Stored items
□ □ □
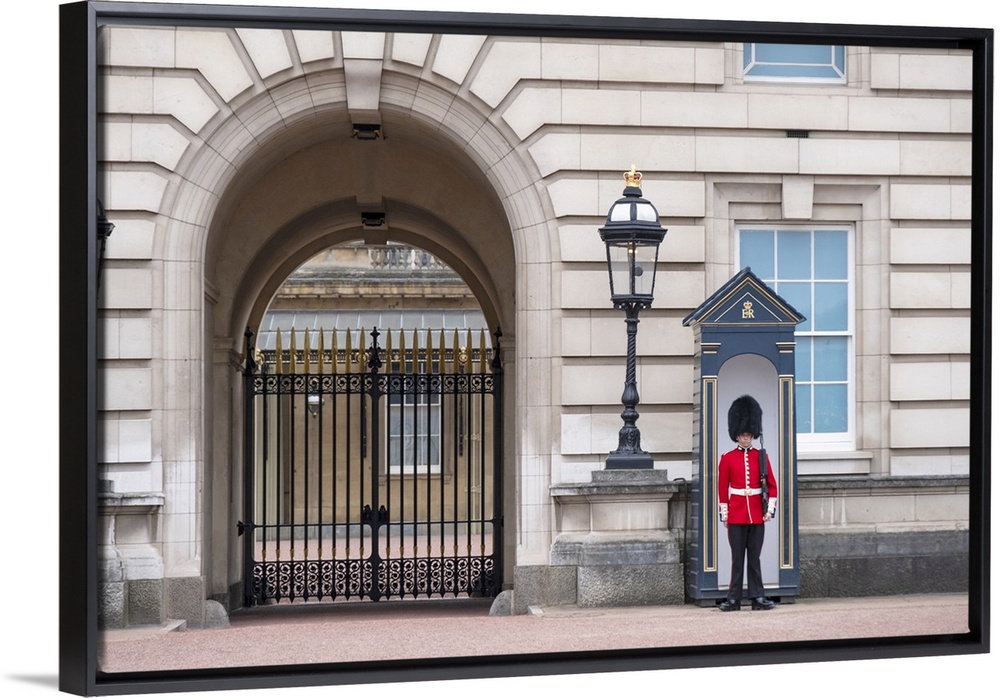 <p>United Kingdom, England, London, Buckingham Palace, A soldier of the Queen's Foot Guard on duty outside the palace</p>
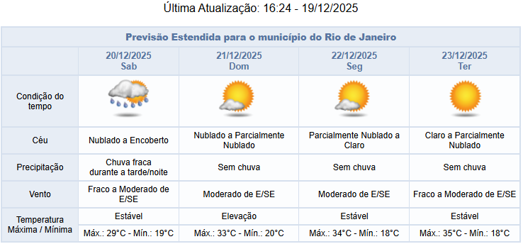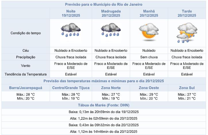 No sábado (20/12), o tempo seguirá instável na cidade do Rio, com nebulosidade variada e previsão de chuva fraca nos períodos da tarde e noite. Os ventos estarão fracos a moderados.
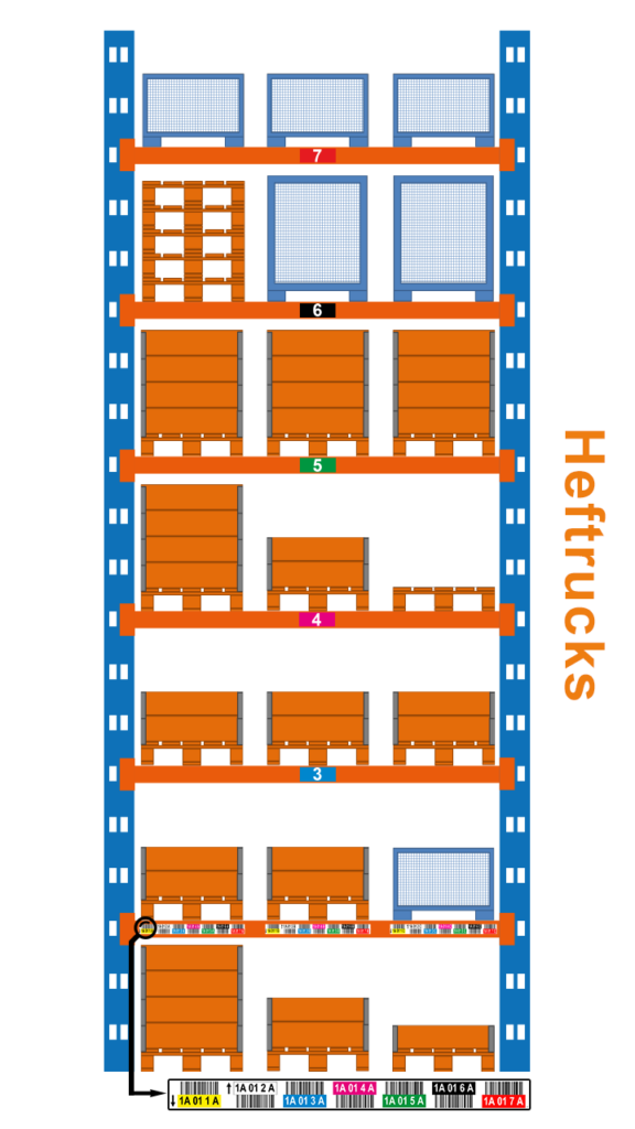 De hersenen herkennen kleuren onbewust, zonder erbij na te denken, in tegenstelling tot teksten en cijfers. Uw operators zullen hierdoor sneller een palletlocatie associëren met een kleur en dus sneller werken.
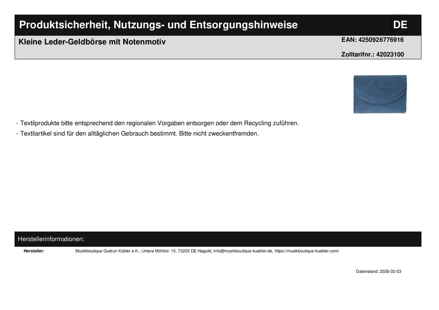 | Titel | Kleine Leder-Geldbörse mit Notenmotiv |
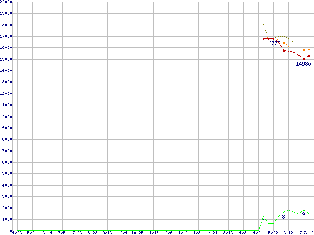 | HD103UI (1TB,32MB)の価格推移 | | | (2007年4月26日~2008年7月10日) |
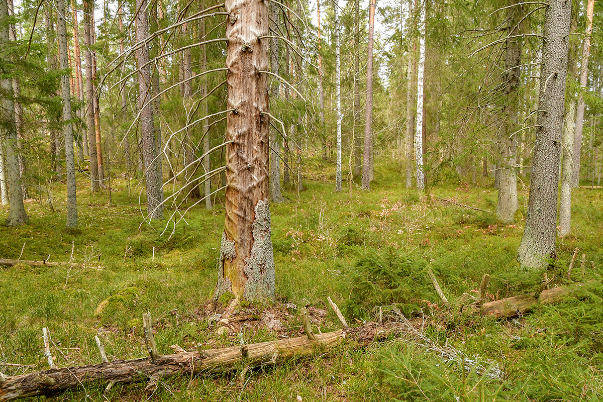 Vad beror det på att tallen fortfarande står upp trots att barken ramlat av? | SkogsSverige
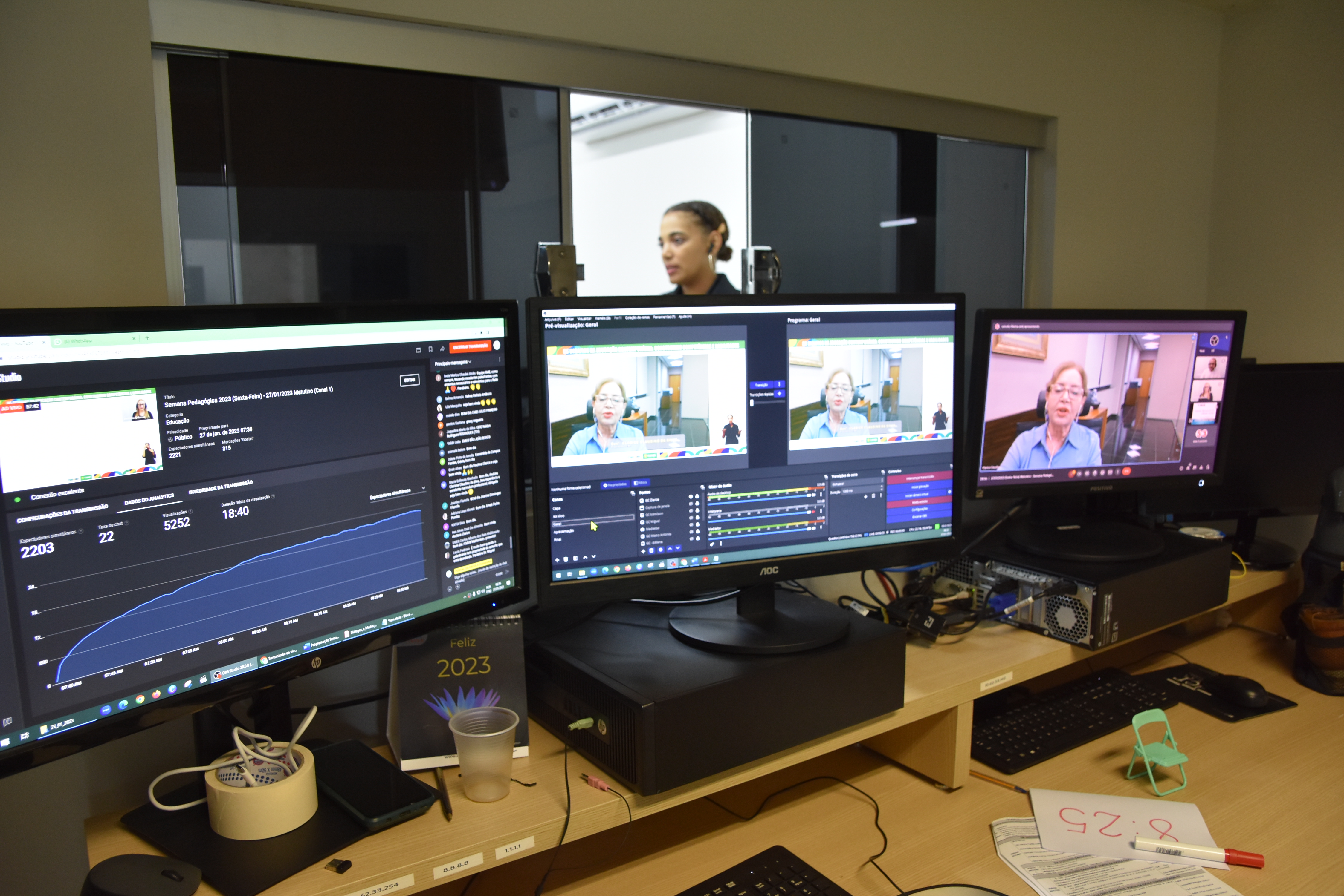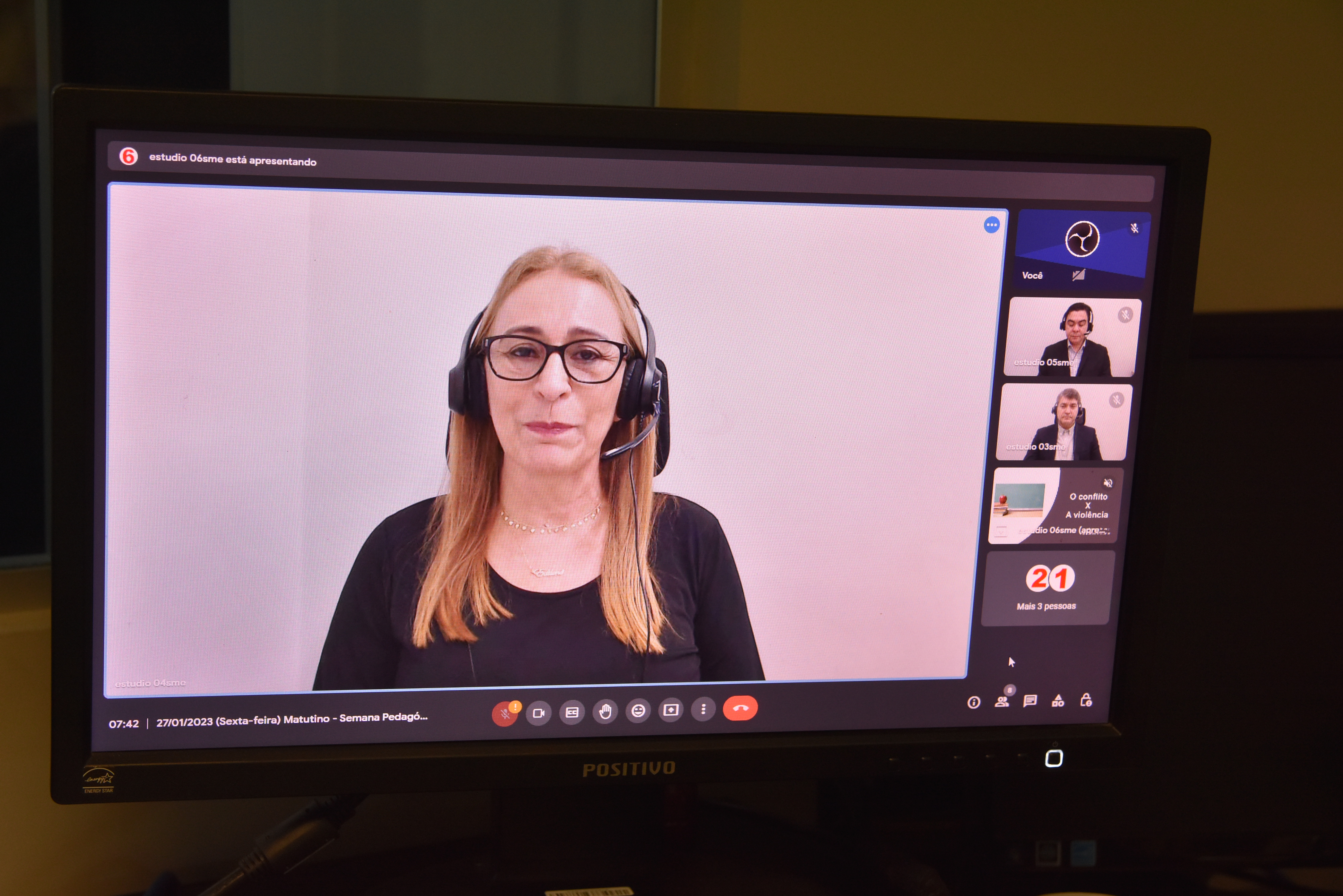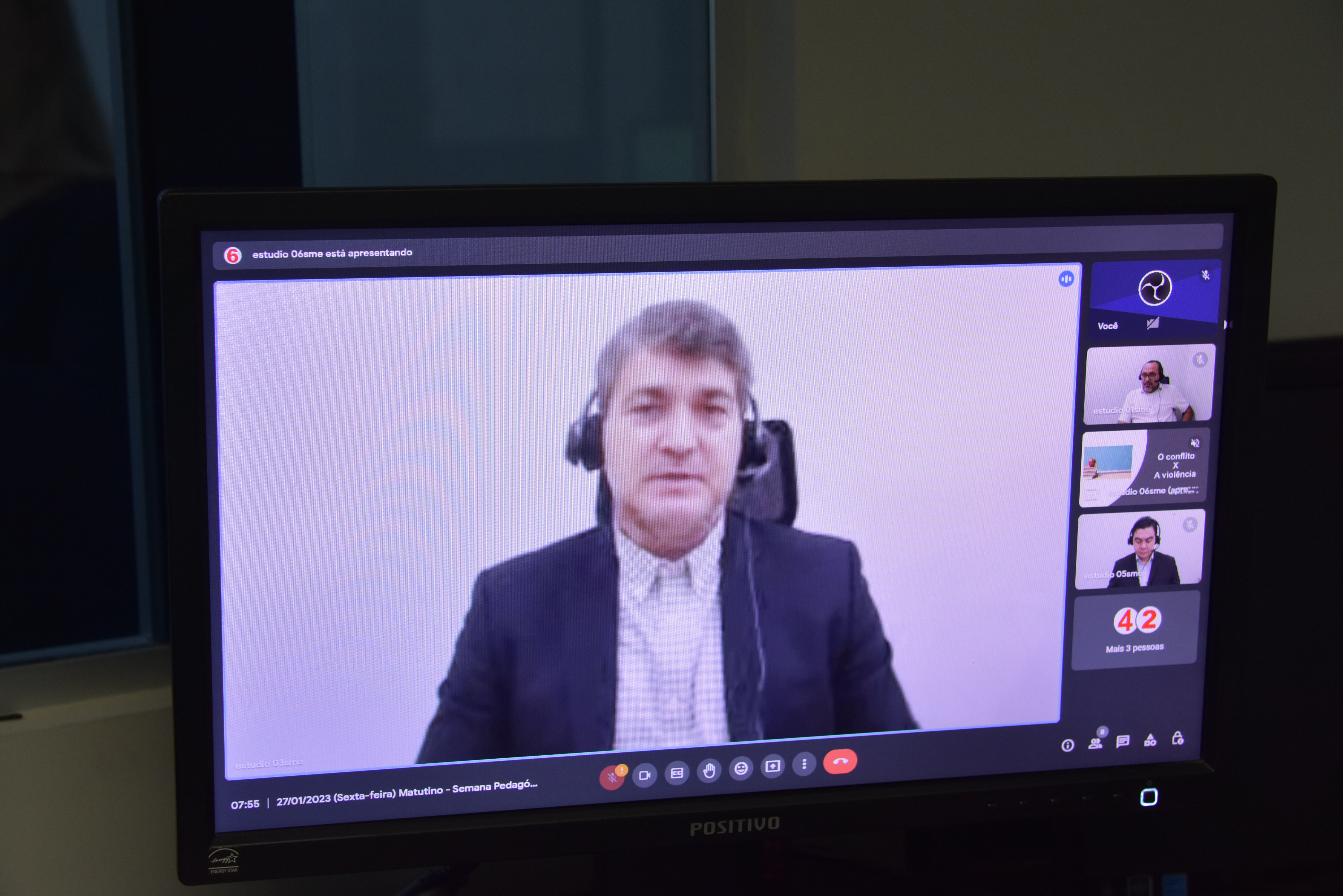 Diálogo e mediação de conflitos nas escolas foi o tema da palestra que abriu a programação da Semana Pedagógica 2023, desta sexta-feira (27). A mesa redonda, transmitida online pelo Canal, 1 da Escola Cuiabana no YouTube, contou com a participação de 2.551 participantes acompanhando as palestras proferidas pelo promotor de Justiça, Miguel Slhessarenko Júnior e a desembargadora e presidente do Tribunal de Justiça de Mato Grosso, Clarice Claudino da Silva.
□ □ □
Your goal
If an entry contains an image, print the rest of that entry exactly and leave the image out.

Solution to this problem
 <p>United Kingdom, England, London, Buckingham Palace, A soldier of the Queen's Foot Guard on duty outside the palace</p>
 No sábado (20/12), o tempo seguirá instável na cidade do Rio, com nebulosidade variada e previsão de chuva fraca nos períodos da tarde e noite. Os ventos estarão fracos a moderados.
 De hersenen herkennen kleuren onbewust, zonder erbij na te denken, in tegenstelling tot teksten en cijfers. Uw operators zullen hierdoor sneller een palletlocatie associëren met een kleur en dus sneller werken.
 | Titel | Kleine Leder-Geldbörse mit Notenmotiv |
 | HD103UI (1TB,32MB)の価格推移 | | | (2007年4月26日~2008年7月10日) |
 Vad beror det på att tallen fortfarande står upp trots att barken ramlat av? | SkogsSverige
 Diálogo e mediação de conflitos nas escolas foi o tema da palestra que abriu a programação da Semana Pedagógica 2023, desta sexta-feira (27). A mesa redonda, transmitida online pelo Canal, 1 da Escola Cuiabana no YouTube, contou com a participação de 2.551 participantes acompanhando as palestras proferidas pelo promotor de Justiça, Miguel Slhessarenko Júnior e a desembargadora e presidente do Tribunal de Justiça de Mato Grosso, Clarice Claudino da Silva.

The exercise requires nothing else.